6. Der Beschluss ist nicht mit Gründen versehen.
Die Rechtsbeschwerde ist innerhalb eines Monats nach Zustellung des Beschlusses beim Bundesgerichtshof, Herrenstraße 45a, 76133 Karlsruhe, schriftlich einzulegen (§ 102 Abs. 1 PatG).

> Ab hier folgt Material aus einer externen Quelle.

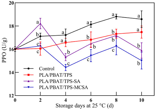 Effect of different packages on PPO activity of bananas. Different letters indicate significant differences within each parameter (p < 0.05).
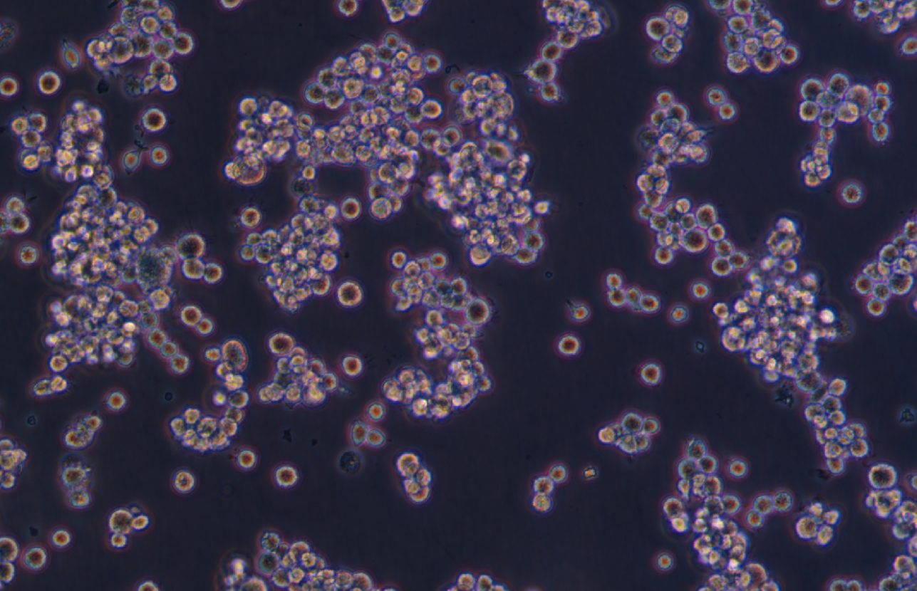 NR8383细胞来源于肺灌洗时的正常大鼠肺泡巨噬细胞 ,NR8383细胞在Gerbil肺细胞连续培养液存在下培养了8-9个 月。随后 ,NR8383细胞不再需要外源生长因子。通过有限稀释法 ,从单个细胞克隆并亚克隆NR8383细胞 ,并3次用 软琼脂亚克隆。 NR8383细胞表现出巨噬细胞的特性:吞噬酵母多糖和铜绿、非特异性脂酶活性、 Fc受体、氧化降解;分泌IL-1、TNF-β和IL-6 ,可重复地响应外源生长因子。NR8383细胞响应博莱霉素 ,分泌TNF-β前体。 NR8383细胞在博莱霉素刺激下 ,TNF-β mRNA表达也上升。NR8383细胞对内毒素敏感 ,1-10ng/ml的LPS水平抑 制增生达50%。即使达到0.001mg/ml的水平 ,LPS抑制还是无毒且在后续过程中可逆的。 NR8383细胞提供了高响 应的肺泡巨噬细胞的均一来源 ,可以用于体外研究巨响细胞相关活性 |
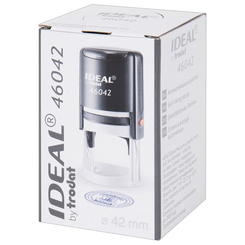 Оснастка TRODAT IDEAL 46042 для круглой печати, с крышкой, автоматическая, материал корпуса пластик. Неизменное Австрийское качество изготовления пластикового корпуса, механизмов и материалов оснастки, обеспечивает возможность бесконечно длительного использование оснастки. Автоматическое окрашивание клише, позволяет сделать четкий хорошо прокрашенный оттиск. Легкая и чистая замена штемпельной подушки TRODAT арт. 6/46042. Защитная крышка позволяет блокировать корпус в сложенном компактном виде, обеспечивает сохранность клише от повреждений и чистую транспортировку. Используется для основной и дополнительных печатей организации с большим количеством текста, и большим объемом печати. Текстовая плата круглой формы под изготовление клише. Клише заказывается отдельно.

Die Rechtsbeschwerde kann auch als elektronisches Dokument, das mit einer qualifizierten oder fortgeschrittenen elektronischen Signatur zu versehen ist, durch Übertragung in die elektronische Poststelle des Bundesgerichtshofes eingelegt werden (§ 125a Abs. 3 Nr. 1 PatG i. V. m. § 1, § 2 Abs. 1 Satz 1, Abs. 2, Abs. 2a, Anlage (zu § 1) Nr. 6 der Verordnung über den elektronischen Rechtsverkehr beim Bundesgerichtshof und Bundespatentgericht (BGH/BPatGERVV)). Die elektronische Poststelle ist über die auf der Internetseite des Bundesgerichtshofes www.bundesgerichtshof.de/erv.html bezeichneten Kommunikationswege erreichbar (§ 2 Abs. 1 Satz 2 Nr. 1 BGH/BPatGERVV). Dort sind auch die Einzelheiten zu den Betriebsvoraussetzungen bekanntgegeben (§ 3 BGH/BPatGERVV).
Die Rechtsbeschwerde muss durch einen beim Bundesgerichtshof zugelassenen Rechtsanwalt als Bevollmächtigten des Rechtsbeschwerdeführers eingelegt werden (§ 102 Abs. 5 Satz 1 PatG).